Monday, 17 January 2011

The World's Your Lobster


Blue Monday, that's what they call it nowadays: today is supposed to be the most depressing day of the year.  I don't know how they work it out, and I'm so lethargic I can't even be bothered to Google, but it can't be rocket science, can it?

It's a Monday, in January. Far enough away from Christmas to have failed already at some of the New Year Resolutions and still feeling the flab of the festive season but having forgotten the fun.  Everyone is skint and drinking decaff and trying to stay off the booze, and inevitably it will be raining. What's to like?

Personally, I thought last Monday was worse. I had one of those days today where time seemed to fly, due to its scarcity in relation to the amount of work to be completed to specific clock and calendar tyrannies.  I was still reeling somewhat, today, from the spookiness of Sunday.

Now, you know I just don't do spooky.  Not usually.

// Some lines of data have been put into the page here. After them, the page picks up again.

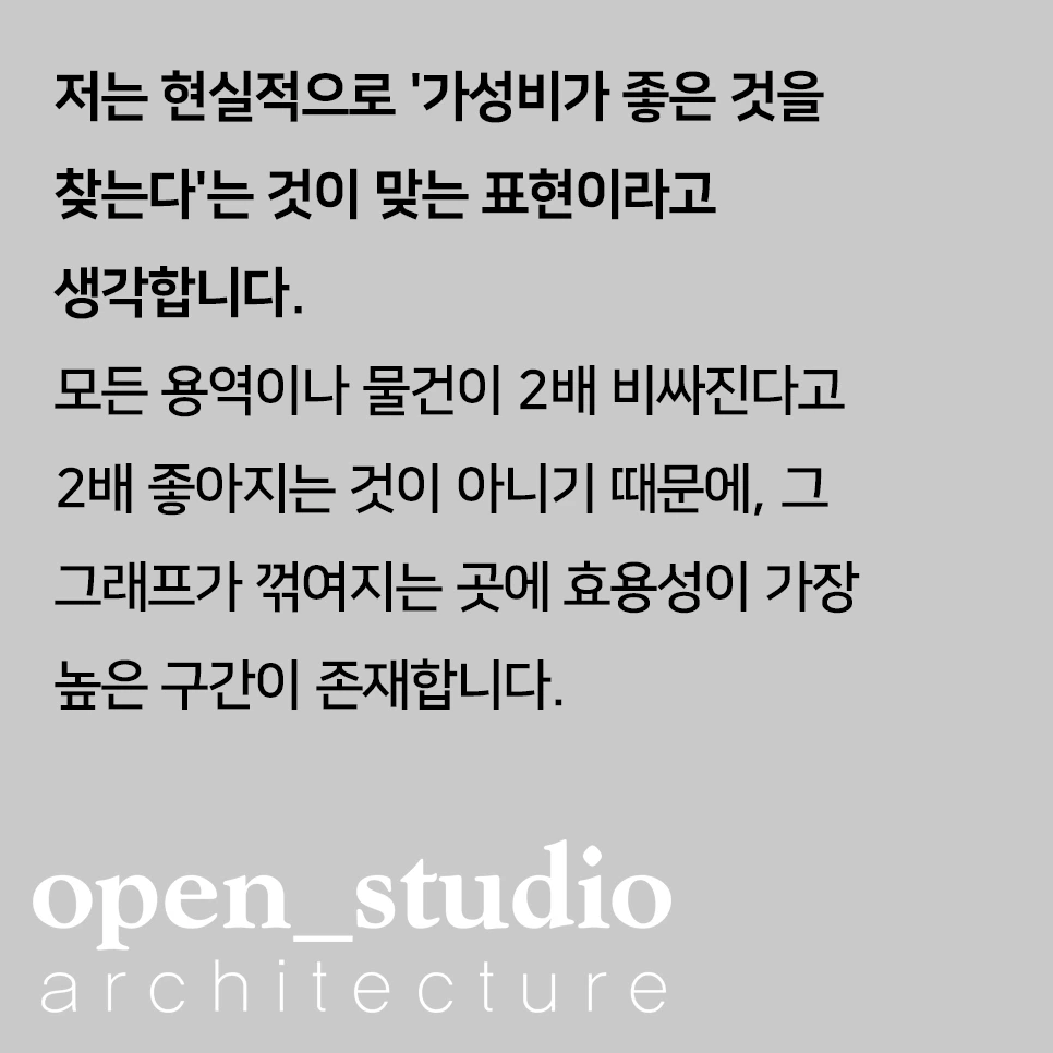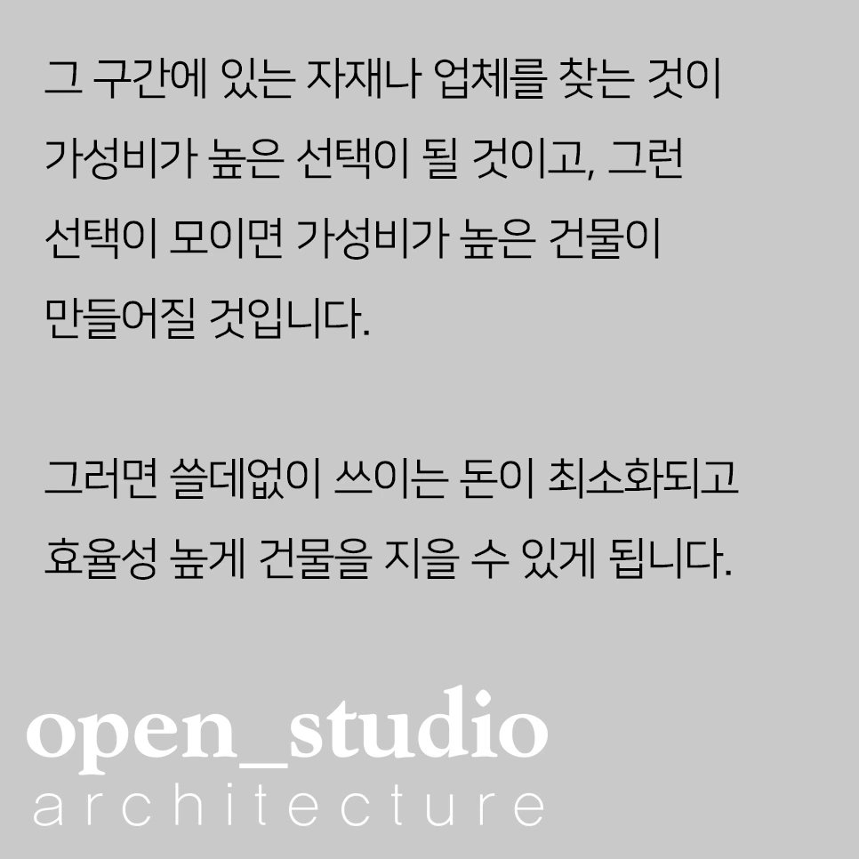 그 구간에 있는 자재나 업체를 찾는 것이 가성비가 높은 선택이 될 것이고, 그런 선택이 모이면 가성비가 높은 건물이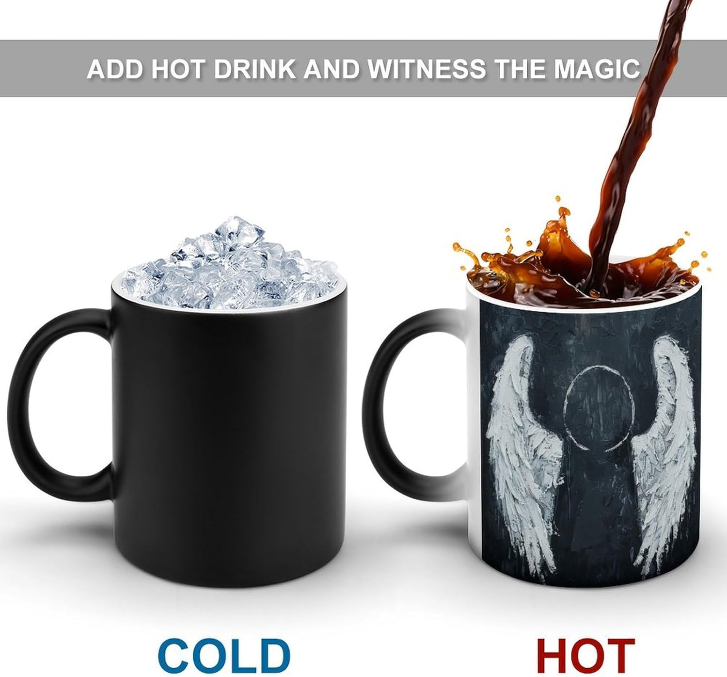 This unique color changing cups is easy to clean, Please scald it with boiling water before using it after receiving it to remove the dust generated during the production process of the cup. It is reusable, Not suitable for dishwashers, only hand wash The White Angel Wings printed reusable color-changing cups are perfect for decorating your kitchen, restaurant or cafe. You can judge whether the coffee is cold by the color of the magic cup, so as to avoid drinking cold coffee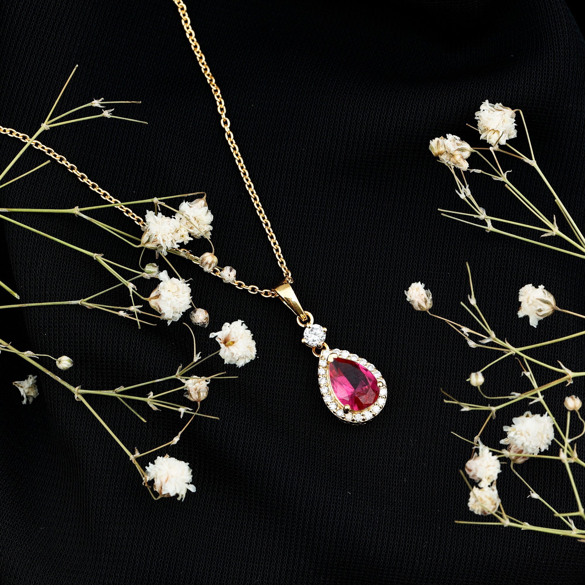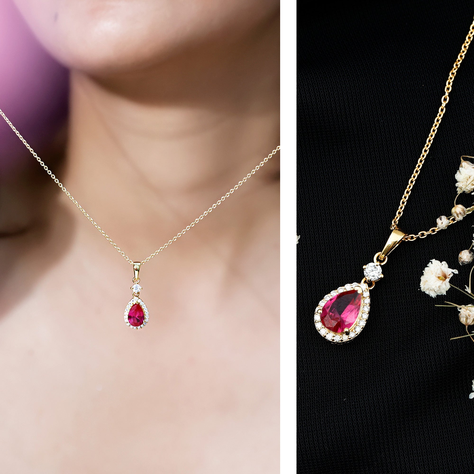 Made to bring charm and elegance into your everyday style, this Pear Shaped Ruby Necklace blends classic design with a modern feel. Set in 14K yellow gold plated silver, the Teardrop Necklace features a 6X8 MM pear cut lab created ruby held securely in prong setting. Adding to the beauty of the pendant is a halo of round cut moissanite stones. Just above the main teardrop, a single round moissanite adds a simple, finishing detail that ties the whole piece together. The Ruby Pendant Necklace hangs from a cable chain that rests comfortably and securely around your neck. It is a necklace that does not try too hard yet makes an impression every time. Whether worn alone or layered with other pieces, this Ruby Red Necklace fits in effortlessly with any style. Perfect as a gift for someone you love, or just to treat yourself, this Pear Drop Necklace is a piece that holds both meaning and beauty. It arrives in a secure jewelry box, ready for gifting or keeping close.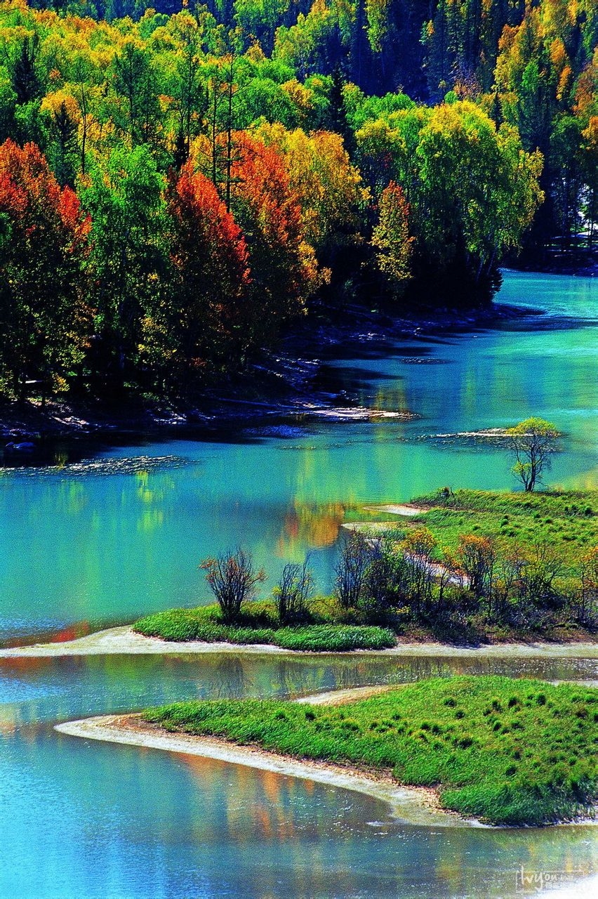 變化,確是嵌在喀納斯河上的一顆明珠??{斯河床在這里形成幾個(gè)由反“S”狀彎河曲組成的半月牙河灣,被稱之為“月亮灣”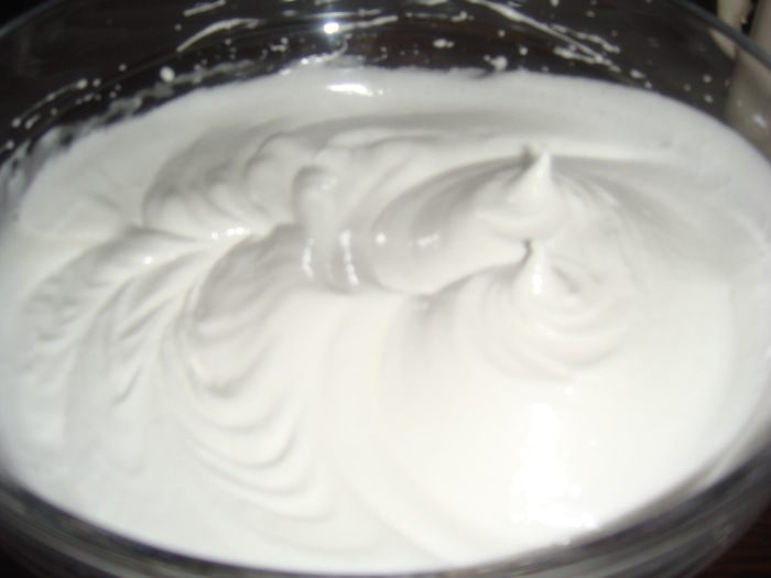 Для безе взбить белки с сахаром до устойчивой пены.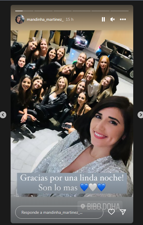 "Gracias por una linda noche, son lo más", escribió por ejemplo Mandinha Martínez, la esposa del Dibu, mientras que varias de las otras mujeres compartieron las fotos en sus cuentas de Instagram con corazones celestes y blancos o la bandera de Argentina.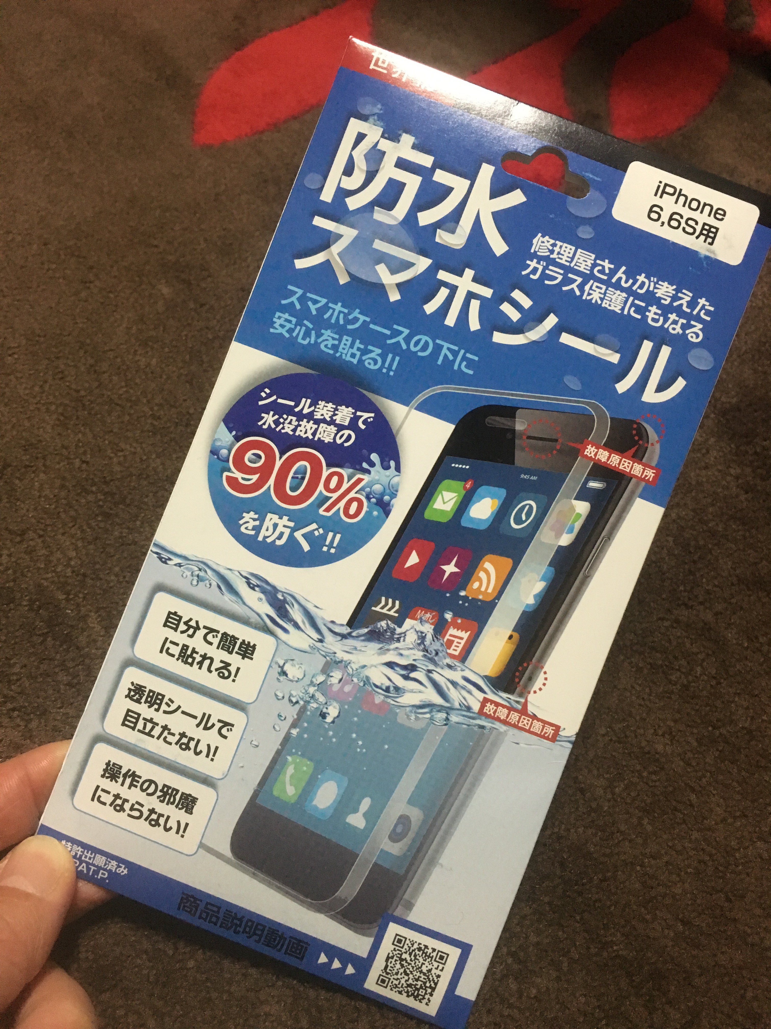 展示品はiPhoneに実際に貼って5cmほどの水中に沈めてありましたが1時間経過しても普通に動いてました Σ( ̄。 ̄ノ)ノ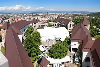 - 🌍 Strelec, Grajska planota 1 (Within castle), ☏ +386 31 687 648, strelec@kaval-group.si. Tu-F 18:00-23:00, Sa 12:00-22:00. This is within Archer's Tower of the castle, with a terrace overlooking the city. So you're paying for the great location but the food also scores.
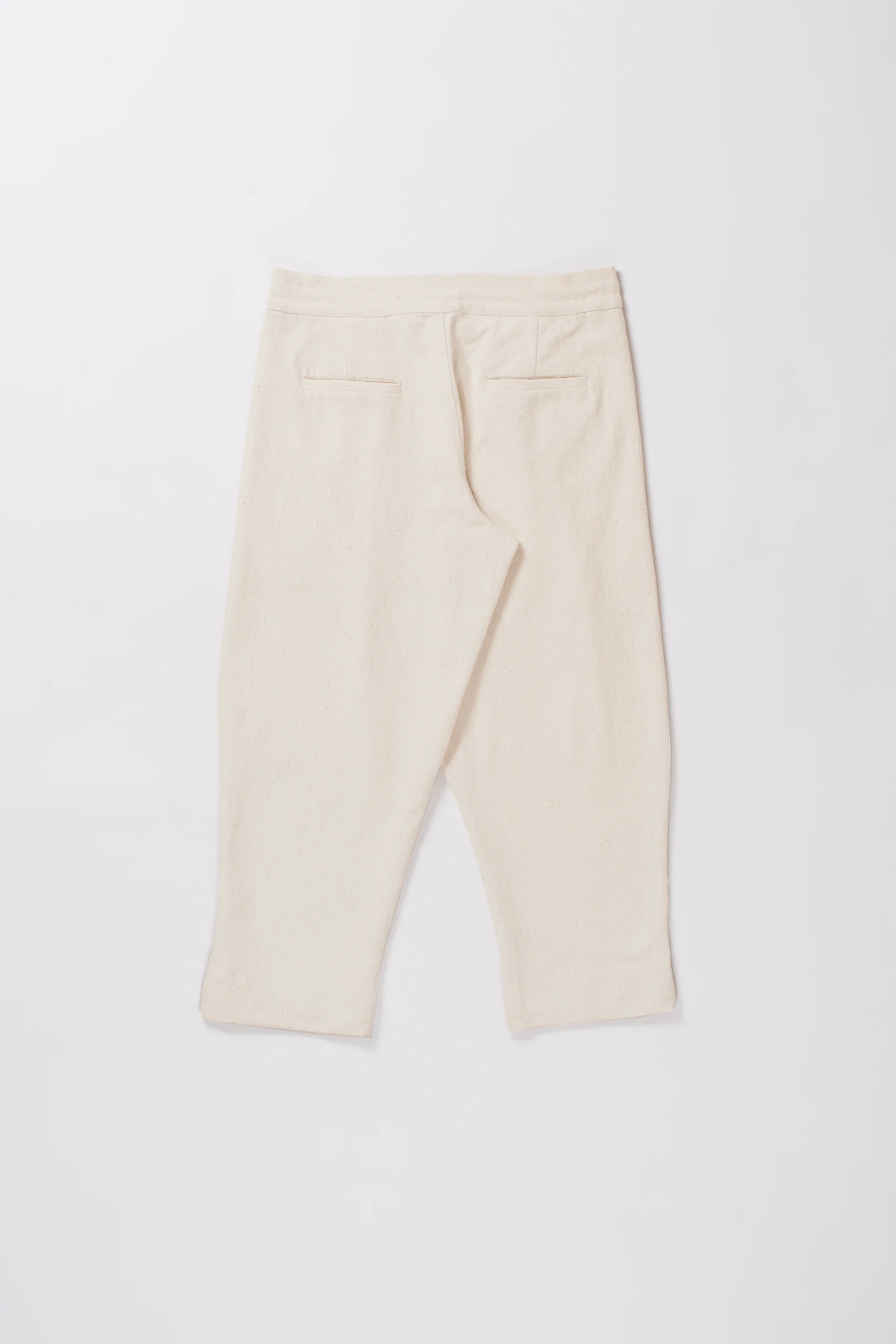 A comfort-driven pair of trousers having an elasticated waistband and wide legs. Crafted with undyed handspun and hand-woven basket weave organic cotton.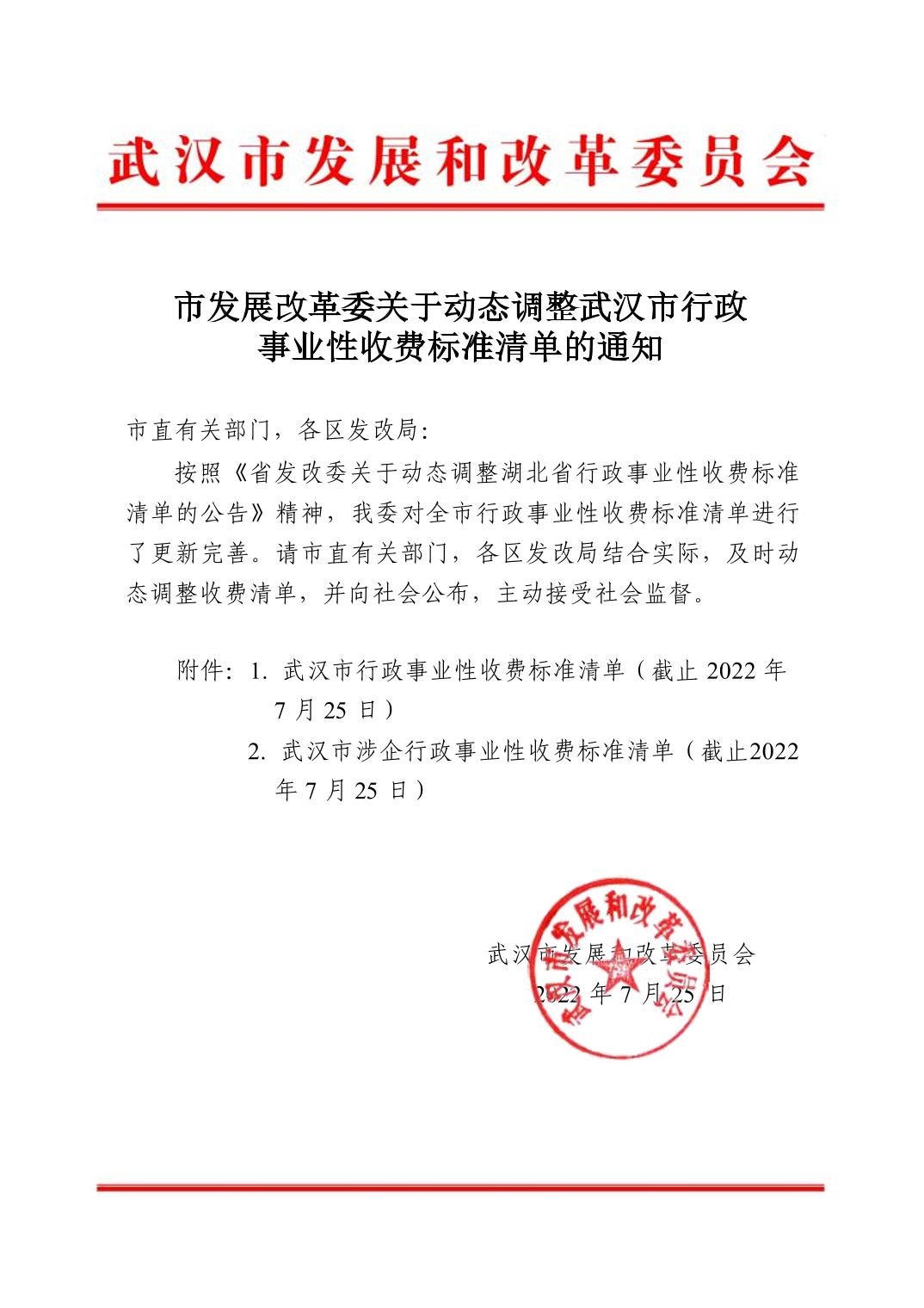 市发展改革委关于动态调整武汉市行政事业性收费标准清单的通知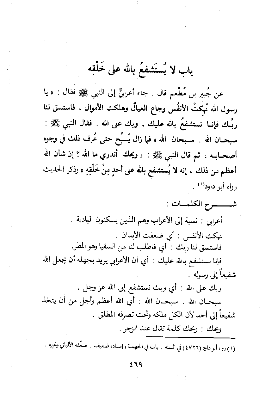 عن جبير بن مطعم قال: " جاء أعرابي إلى النبي صلى الله عليه وسلم فقال: يا رسول الله نهكت الأنفس وجاع العيال وهلكت الأموال، فاستسق لنا ربك، فإنا نستشفع بالله عليك، وبك عن الله. فقال النبي صلى الله عليه وسلم: سبحان الله! سبحان الله! فما زال يسبح حتى عرف ذلك في وجوه أصحابه، ثم قال النبي صلى الله عليه وسلم: ويحك أتدري ما الله؟ إن شأن الله أعظم من ذلك، إنه لا يستشفع بالله على أحد من خلقه " وذكر الحديث. رواه أبو داود1.

I went to a poetry workshop. I was seeking inspiration, looking to improve and learn some new techniques.  It was in a photographer's gallery, and was about using photographs to spark creative writing: you might have noticed my interest in the juxtaposition of the visual and the word.  The first exercise we had to do was to choose one of the photographs and describe it.  Not in a poem, simply focusing on detailed observation of the physical.  Then we had to imagine what was happening just outside the frame, what might have happened just before, what would happen just afterwards, bring some imagination into the shot.  And I started to write.

Not a poem, no. Because you won't have failed to notice from my eternal whingeing, whining, bedwetting angst that I can't write any more.

Anyhow, moving swiftly on....(sob).... I started to write notes, a stream of thought, and suddenly it was about my grandad, and the day he died, and my mum. And I thought about how it might have been, that day that we never quite understood, and I felt sad for my mum and I sat thinking for a while about her, and grandad, and thought how nice it would be to see her and tell her what I was thinking.

Then we carried on with the workshop for a while longer, and she was still in my thoughts. And when I came out, there was a message on my phone saying, Hurry home, your mother is here. She had got into the car and driven 100 miles, unplanned, unexpected, unannounced, on the offchance I would be in.  She just felt she wanted to see me  -  couldn't really explain why.

I found it rather unnerving, but it meant I had the chance to read her what I'd written. It made her cry, which then made me think that perhaps I should have kept it to myself  -  but she said she cried because she liked it. 

If I could get it to coalesce into a poem, I'd be a hell of a lot happier. Maybe my Monday could make it all the way to violet, or even pink.